We also found erα expressed in the sperm library. Analysis of fifteen other salmon libraries revealed 5′-utrs of variable lengths, with the longest borne in the liver library (Additional file 2). It is difficult to make any conclusions on the regulatory components of the erα 5′-utr in the sperm vis-à-vis other tissues where it is expressed, but potential for CREB/CREM and ER activity exists (Additional file 2).

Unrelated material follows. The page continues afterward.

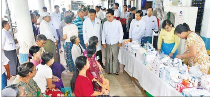
ပဲခူးမြို့၌ အငြိမ်းစားနိုင်ငံဝန်ထမ်းများ လစဉ်ကျန်းမာရေးစောင့်ရှောက်ပေးလျက်ရှိ

စစ်ဌာနချုပ်၌ ၂၂၉၇၉ ပင်၊ အရှေ့တောင်တိုင်းစစ်ဌာနချုပ်၌ ၁၄၅၈၃ ပင်၊ ကမ်းရိုးတန်းဒေသတိုင်းစစ်ဌာနချုပ်၌ ၁၄၅၈၃ ပင်၊ ရန်ကုန်တိုင်းစစ်ဌာနချုပ်၌ ၄၉၀၇၃ ပင်၊ အနောက်တောင်တိုင်းစစ်ဌာနချုပ်၌ ၉၁၃၃ ပင်၊ အနောက်ပိုင်းတိုင်းစစ်ဌာနချုပ်၌ အပင် ၁၁၃၀၊ အနောက်မြောက်တိုင်းစစ်ဌာနချုပ်၌ အပင် ၇၁၂၊ အလယ်ပိုင်းတိုင်းစစ်ဌာနချုပ်၌ ၄၇၉၈၇ ပင်နှင့် တောင်ပိုင်းတိုင်းစစ်ဌာနချုပ်၌ ၁၂၈၆၁ ပင်တို့ကို တိုင်းမှူးများနှင့် တာဝန်ရှိသူများ၊ အရာရှိ၊ စစ်သည် မိသားစုများက စုပေါင်းစိုက်ပျိုးခဲ့ကြပြီး တပ်မတော်တစ်ရပ်လုံးအနေဖြင့် ယနေ့တွင် စုစုပေါင်းသစ်ပင် ၂၃၅၆၇၄ ပင်ကို စိုက်ပျိုးခဲ့ကြောင်း သတင်းရရှိသည်။ သတင်းစဉ်

Perhaps the most intriguing feature of the erα 5′-utr is that it contains two duplicate blocks of RNA, each approximately 47 nts in length (Additional file 2). These may contain motifs that recognize regulatory proteins that partition to only the liver, testis or sperm.

Limitations

The recognition elements we present for CREB/CREM, ERα and FOXL2A are based on DNA-binding studies. Although some evidence exists that these proteins bind RNA, the sequences they interact with are completely unknown. The various duplicated sequences we identify within the 5′-utrs may serve as important targets for proteins involved in regulating mRNA processing. Similar duplicated elements are found throughout the 5′-utrs of late-stage mammalian sperm mRNAs (Additional file 4). Future research will reveal if similarities exist within the composition, binding contexts and interactions of the proteins that regulate expression of these essential mRNAs.